Скоро я шел по Кузнецкому вниз к Пассажу, чтобы потом к себе на Петровку. Зимняя темнота уже стала хозяйкой в городе, ей в ответ зажглись фонари и многоцветные витрины дорогих магазинов, крупные снежинки медленно плавали в неморозном воздухе, а люди в предновогоднем настроении выглядели не такими хмурыми, как обычно; не хотелось уходить от приятного раннего вечера в помещения — двигался, поэтому, неторопливо; две рюмки бренди шевельнули во мне настроения, мозг заупрямился думать, а от упомянутого Есенина завертелись разные строчки.
Отец Есенина очень любил, а от него перешло и к нам с братом.
У меня удивительно негодная память именно на стихи, кажется, я вообще не помню ни одного целиком. А может быть, оно и хорошо, потому что, перечитывая, получаешь свежее впечатление, и чувство радости не притупляется.

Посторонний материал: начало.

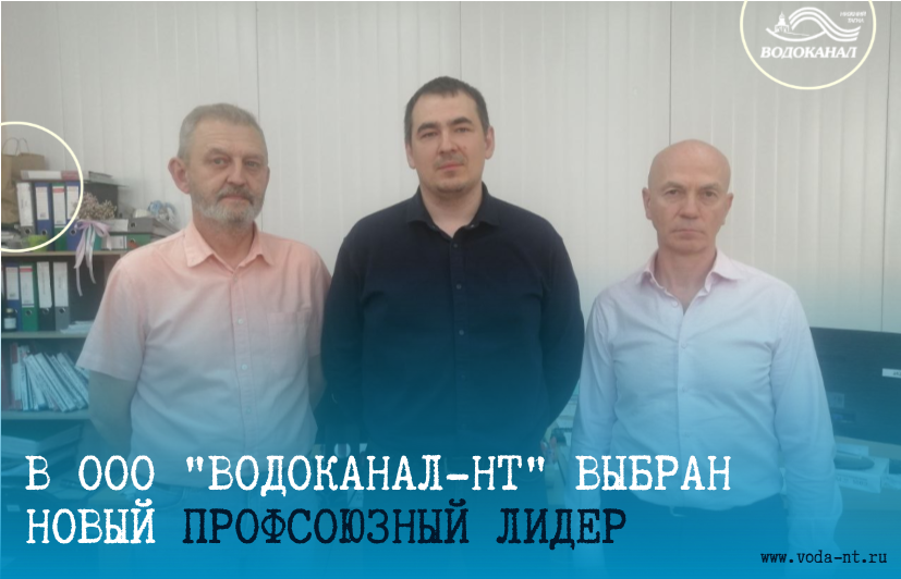 В конце июня коллектив ООО "Водоканал-НТ" выбрал нового председателя первичной профсоюзной организации — им стал руководитель Западной системы очистных сооружений Михаил Пшеничников. Предыдущий глава профсоюза начальник цеха водоснабжения Олег Шишкин сложил свои полномочия по собственному желанию. Кроме того, был избран помощник председателя. Им стал заместитель директора по безопасности ООО "Водоканал-НТ", председатель Общественного совета при МУ МВД России "Нижнетагильское" Александр Головихин. На предвыборной конференции также были выбраны члены, в том числе и резервные кандидатуры, ревизионно-счётной комиссии первичной профсоюзной организации предприятия. На сегодня в первичной профсоюзной организации ООО "Водоканал-НТ" состоит 312 работников предприятия.

Всплывали замечательные строчки про «журавлей», «костер рябины красной»… И я помнил чудесный финал:
«Не обгорят рябиновые кисти,
От желтизны не пропадет трава.
Как дерево роняет тихо листья,
Так я роняю грустные слова.
И если время, ветром разметая,
Сгребет их все в один ненужный ком…
Скажите так… что роща золотая
Отговорила милым языком».
В то время, больше двадцати лет назад, только робко начинали обсуждать причину смерти Есенина. Сейчас уже мало кто оспаривает убийство. Спорят, и яро, совсем о другом — кто его автор? А более точно — Троцкий или Сталин?
Разумеется, давно нет никаких троцкистов, их не было уже в конце 30-х при сталинских посадках и расстрелах за «троцкизм». Так кто с кем, а главное — зачем, сейчас спорит?
Попробуем разобраться и заодно приведем две гипотезы смерти поэта.
Однако опять нельзя без истории.
История имеет единственный смысл — она школа для человечества; но в ней, неоднородное по своему составу, человечество учится очень по-разному. Кто-то внимательно и трудолюбиво переходит из класса в класс, кто-то застрял, не исключено навсегда, в одном из младших, и, только физически подрастая, меняет форму на более взрослую. К таким «навсегда второгодникам» русская мысль, например — в лице декабристов, относила некоторые «маленькие гордые народы» («Русская правда»). А «особая» русская мысль, в лице ранних славянофилов, заявляя о европейской бездуховности и «особом» русском пути (про какой он — сами толком объяснить не умели), уверяла: в общую человеческую школу ходить нам не надо.
Задержимся тут чуть-чуть.
На наш взгляд, в российской исторической науке упущен важнейший аспект перехода от 18-го века в 19-й — сменилась государственная и культурно-общественная парадигма: из державы, близкой к Европе, Россия стала превращаться в самодостаточную затворницу, ученица-отличница принялась пересаживаться с первой парты всё дальше назад, мрачнее и урча про потерю «у них» духовности, а скоро уже и о том, что духовности никогда там и вовсе не было, а христианство не настоящее.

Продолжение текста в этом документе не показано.